▶ WORK INSTRUCTIONS: Strip the pictures and reproduce the rest of the listing exactly.

▶ COLLECTED MATERIAL:
+ + +
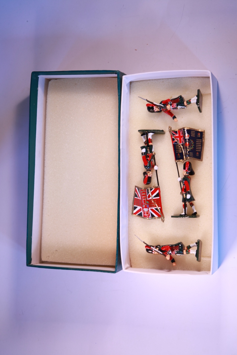 FRONTLINE FIGURES. Edition limitée. n°77/1000, Grande-Bretagne. 4 figurines : Black Watch, The Royal Highland Regt, Standard Party. Boîte d'origine.
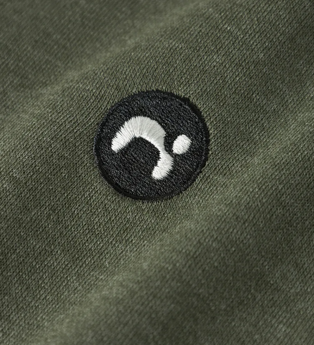 Stilren Name It cardigan i en afdæmpet, grøn nuance med lange ærmer og praktisk hætte.
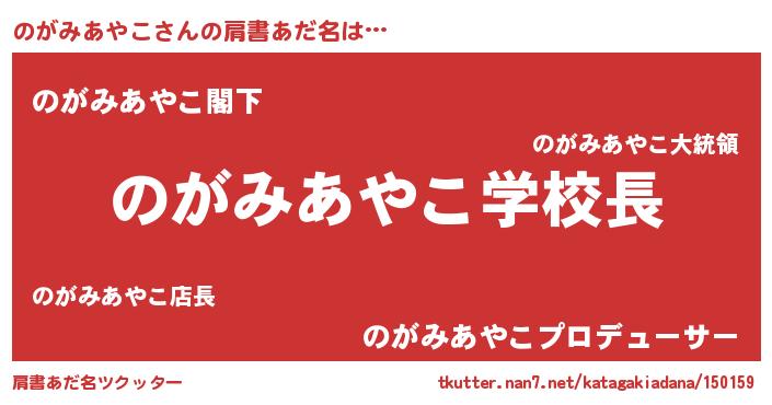 | 男性向けラノベタイトル風あだ名 | 『おまえをオタクにしてやるから、俺をのがみあやこにしてくれ! 』 |
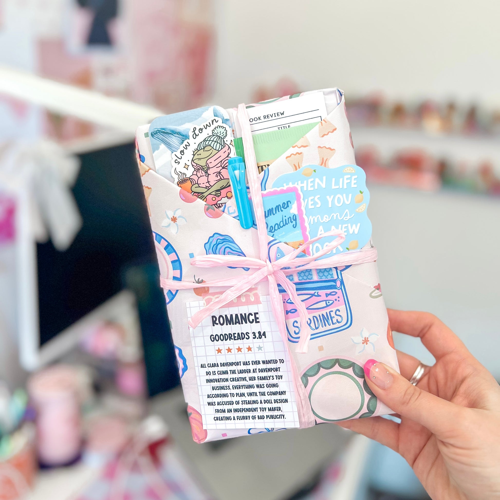Unwrap a book totally blind! Each book is beautifully wrapped and comes with a bookmark, stickers, annotation pen, review card, and a sweet treat. The perfect gift or self-care pick-me-up for any book lover!
+ + +
▶ EXPECTED ANSWER:
 FRONTLINE FIGURES. Edition limitée. n°77/1000, Grande-Bretagne. 4 figurines : Black Watch, The Royal Highland Regt, Standard Party. Boîte d'origine.
 Stilren Name It cardigan i en afdæmpet, grøn nuance med lange ærmer og praktisk hætte.
 | 男性向けラノベタイトル風あだ名 | 『おまえをオタクにしてやるから、俺をのがみあやこにしてくれ! 』 |
Unwrap a book totally blind! Each book is beautifully wrapped and comes with a bookmark, stickers, annotation pen, review card, and a sweet treat. The perfect gift or self-care pick-me-up for any book lover!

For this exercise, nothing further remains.